I kept myself sane with surfing…

… and now also standup-paddling


and I spent much time just resting at my apartment staring at the nice coconut-wood ceiling
 
I arrived on the 1st of January 2013, and it took more than 2 hours from the airport to the small home-stay room in Sanur, into which all my bags hardly fitted. On the next morning I reached the office and was exhausted. My job was to organize an already existing department that was suffering from massive staff turnover, quality issues and “cultural” problems as well. The next few weeks and months would mean becoming more than before workaholic, to establish structures and procedures, play the psychologist, encourage and motivate people, get rid of those that have already lost their values and trust and that were poisoning the atmosphere, learn all aspects of a new destination, train the team, and manage my department into the right direction while at the same time still taking care for many aspects of the daily business that the existing team could not yet handle or we simply had no staff for. Bali meant for about 9 month only office to me. I was working to late at night. I was missing Vietnam, the city life. I was annoyed by the village of Sanur where you could not let a fart without people noticing. The town and the whole island appeared very provincial to me. But I had known before that the job, the place and the move would pose different challenges from what I had experienced before, and I came to accept them. After three months I was almost giving up, but I was strongly encouraged by our CEO, and after that, slowly, we moved into the right directions. It took a year to be stable. Two to be good. And now we are really running for excellence.

During a short stint to Saigon in January 2013, one of the last evenings that we should spend together before living temporarily in two countries; at the Snap Café in Thao Dien

The corner Le Loi / Nguyen Hue observed from the Highlands Café on top of the Tax Center, seeing Saigon’s streets made me sad, and I knew, me, the “bụi đời” would be missing them much

there we were sitting, at a place that was so often a venue for meetings with friends, one of the Highlands cafes

And we were walking through the streets, having sold the motorbike already, and not comfortable on my wife’s, as if it was for me to soak-in the atmosphere on my last days in the country…

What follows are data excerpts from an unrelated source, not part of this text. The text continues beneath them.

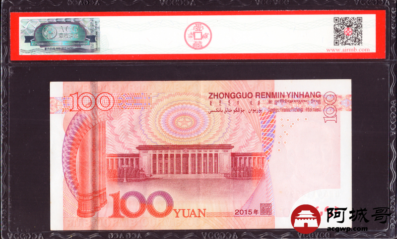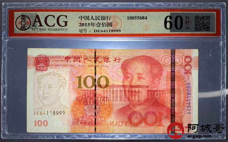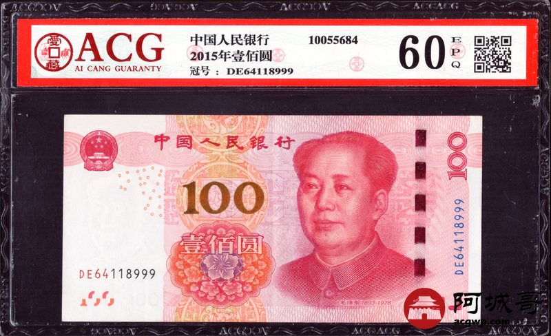 Lot:29 一五年 中国人民银行 100元 ACG 60EPQ 尾号豹子号999
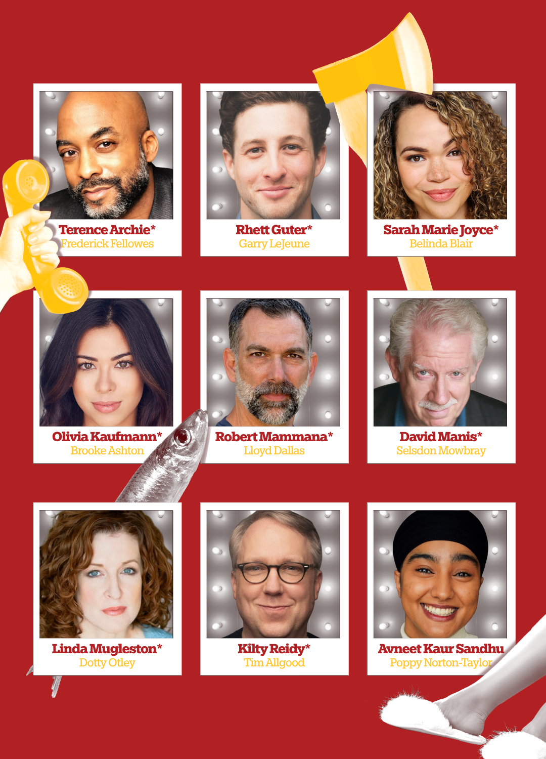The cast features PTC alumni Rhett Guter* (PTC’s White Christmas, Annie National Tour) as Garry LeJeune; Robert Mammana* (PTC’s Prayer for the French Republic, Broadway’s Les Misérables) as Lloyd Dallas; David Manis* (PTC’s Clybourne Park, Broadway’s To Kill a Mockingbird) as Selsdon Mowbray, Linda Mugleston* (PTC’s Souvenir, Broadway’s The Music Man) as Dotty Otley; and Kilty Reidy* (PTC’s The Music Man, Broadway’s The Drowsy Chaperone) as Tim Allgood.
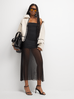 Elevate your style with The FIX women's black mesh bandeau midaxi dress. Made from comfortable ponti fabric, this dress is perfect for any occasion. Stand out in this statement piece.
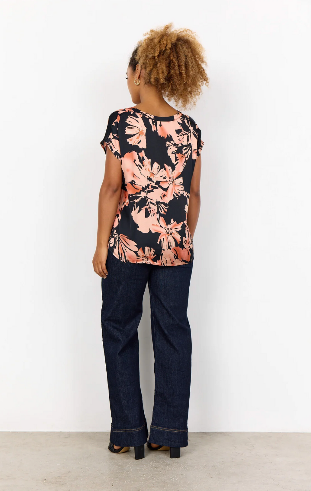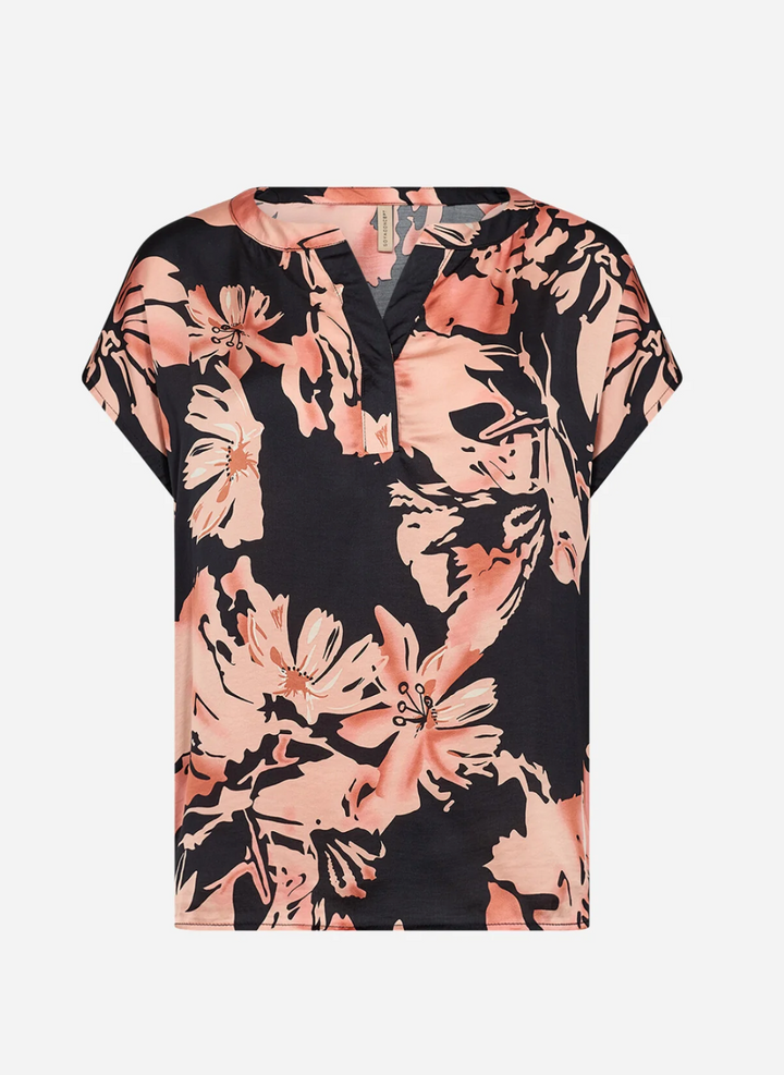 SC-PEACH er en lett og luftig bluse i et mykt og behagelig viskose materiale som puster godt. Blusen har en avslappet passform, flatterende V-hals og korte ermer, perfekt for både hverdag og fest. Det vakre blomsterprintet gir et friskt uttrykk. Style den med et par pene bukser eller et skjørt for en elegant look fra dag til kveld.
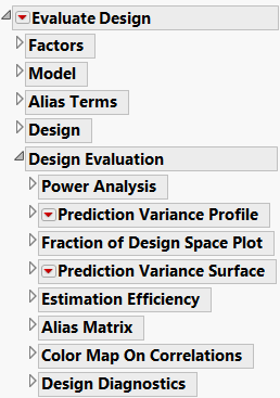 The Factors, Model, Alias Terms, and Design outlines contain information that you enter about the factors, assumed model, potentially aliased effects of interest, and the actual design. JMP populates these outlines using your selections in the launch window and the design table. However, you can modify the effects in the Model and Alias Terms outlines. Once you have made your specifications, the Design Evaluation outlines are updated. You can open these outlines to see reports or control windows that provide information about your design.
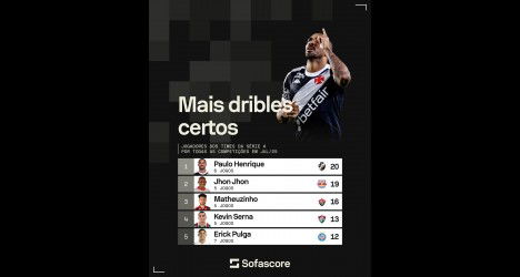 Paulo Henrique se destaca nos rankings de dribles bem-sucedidos e de duelos vencidos entre os atletas da Série A em 2025 quinta-feira, 31/07/2025 às 23:22 — Em Últimas notícias
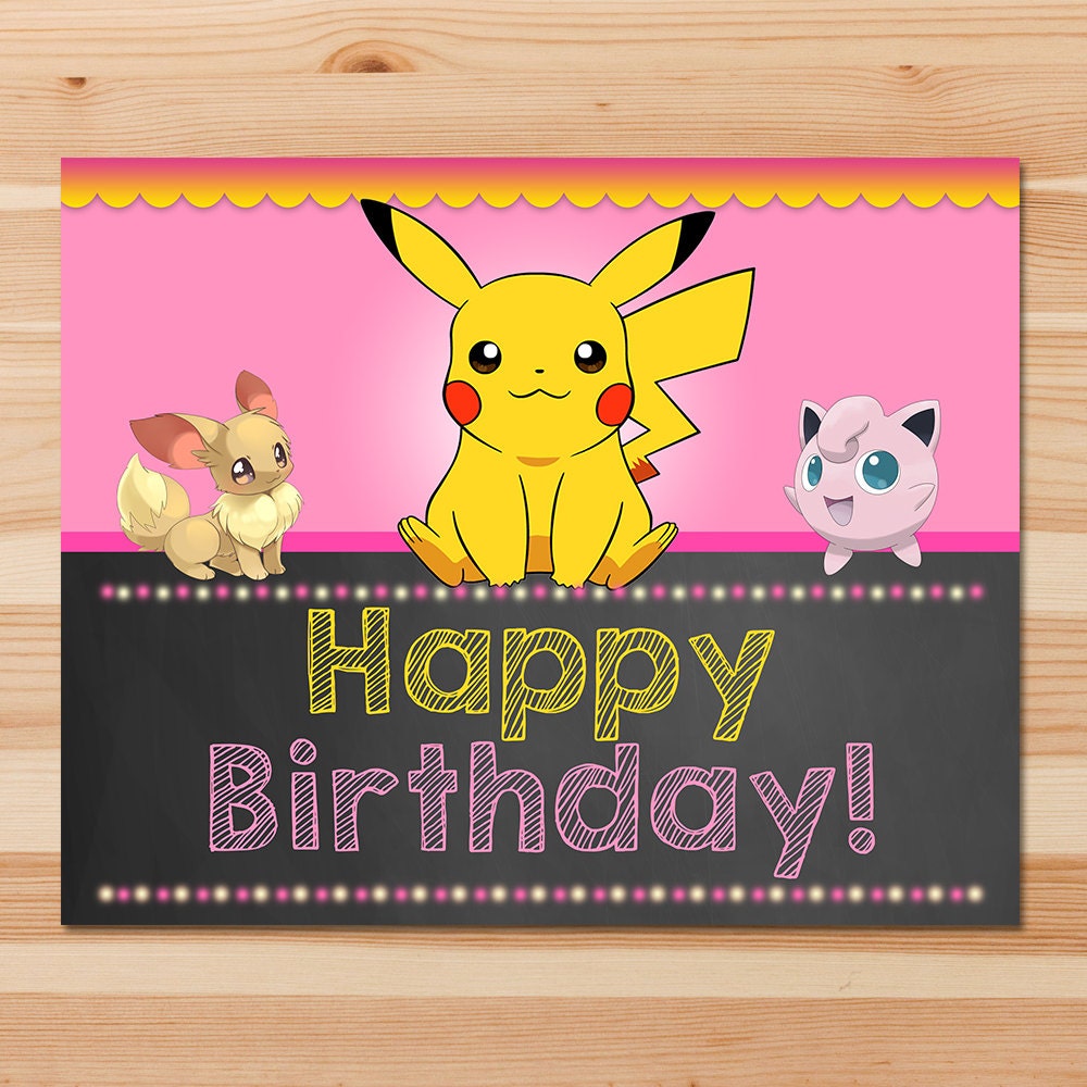 Pokemon Happy Birthday Sign Pink Girl Pokemon Pikachu Sign Etsy

…and it was just right at this spot of Le Loi Street that I looked at Hang and was pretty sure she is pregnant

Chris’ wedding in the Saigon Zoo

Privately, the challenge for the first year was to build a new home. I was looking for a house, and on weekends went around Sanur and Denpasar to look for a suitable and well-priced place to stay once my family would move. In terms of family and relationship it was all not too clear when I had left Saigon, and the plan was actually to visit each other and see what to do. We were thinking of getting married, not because we believe marriage is an institution both of us would fit with, but simply because we love each other and that is the way we can live our live together without restrictions. I had earlier discussed the matter with Chris at the sushi bar in Saigon, where we had sometimes met for dinners, drinks and good talks. He was at that time making the same move and I was afraid of such commitment. He told me a proverb, I do not exactly remember it, but it said as much as that the “butthole surfer” does only regret what he hasn’t tried and not what he has, or something like that. He said that if this is important to one, one sometimes just has to give it a try, and after all it is nothing that cannot be undone. And it was this Chris who had his wedding with his wife Ann only 10 days after I had moved to Bali. So I flew back for a long weekend, to attend what for me and my wife was a dream wedding we should never have, and which took place at the zoo and a bar in the highest tower of the city. While we haven’t been much in touch back in Bonn at university where we studied together, Chris has become a close friend in Saigon. I realized how nice he is, what a great attitude and open mind he has, and he is really one of the few people one could rely on. I think around that time, probably a bit earlier before I had left, we had a last coffee session in the park of the Reunification Palace. It was a "historic meeting", as I commented. Chris said that as long as one does not leave Asia, one is not out of the world. We haven’t met since, but are still in touch, and I know, should we meet, it will be as if we have never separated, and there will be the same great sense of humor.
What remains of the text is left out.